Evaluation of Sirolimus Dosing in Neonates and Infants With Lymphatic Disorders: A Case Series.

OBJECTIVE

Literature in pediatric patients suggests dosing sirolimus 1.6 mg/m2/day divided twice daily for lymphatic disorders with limited evidence available for dosing in neonates and infants. The objective of this research was to determine the sirolimus dose required to achieve therapeutic trough concentrations in infants with lymphatic disorders at Children's Hospital of Philadelphia.

METHODS

This retrospective review included patients <1 year of age at Children's Hospital of Philadelphia who were initiated on sirolimus for lymphatic disorder. Patients were included if they received at least 5 days of consecutive sirolimus therapy prior to trough concentration monitoring.
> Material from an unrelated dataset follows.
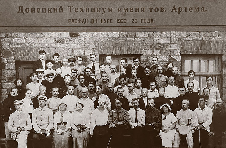 Донецкий техникум им. тов. Артема. Рабфак 3-й курс. Н. С. Хрущев во втором ряду четвертый справа
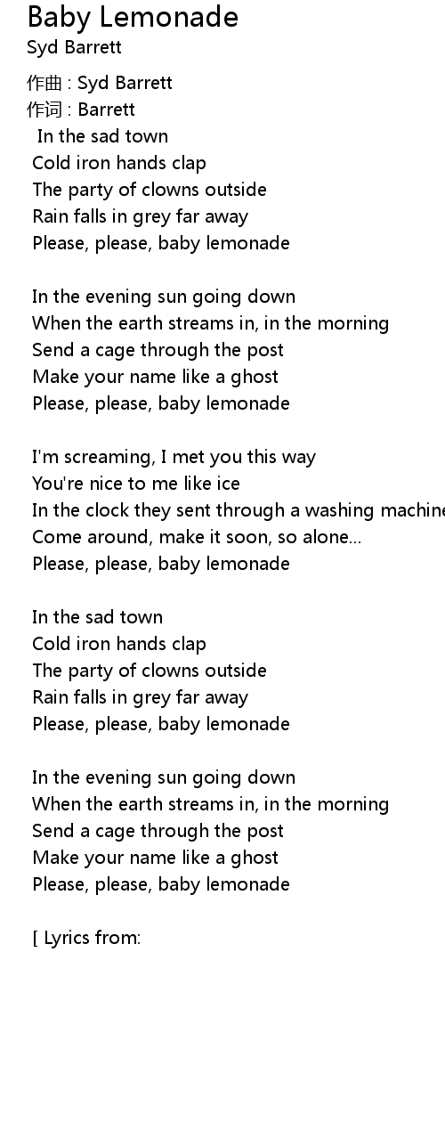 | Lyrics from: http: www. lyricsfreak. com s syd barret baby lemonade_20134739. html |

Measures of central tendency and variability were used for statistical analysis.

RESULTS

A total of 16 patients met criteria for inclusion. The median initial sirolimus dose was 1 mg/m/day (IQR, 0.5-1.6 mg/m/day). Fourteen patients (87.5%) achieved therapeutic trough concentrations on a median sirolimus dose of 0.5 mg/m/day. Dosing frequency to achieve therapeutic trough concentrations included 1 patient (6.25%) on twice daily dosing, 12 patients (75%) on once daily dosing, and 1 patient (6.25%) requiring every 48-hour dosing. The median time to first therapeutic trough was 15.5 days (IQR, 5.5-18.5 days), and patients required a median of 1 dose adjustment.

CONCLUSIONS

A median sirolimus dose to achieve therapeutic sirolimus trough concentrations in infants with lymphatic disorders was 0.5 mg/m/day with a median of 1 dose adjustment. Sirolimus was well tolerated in the study population.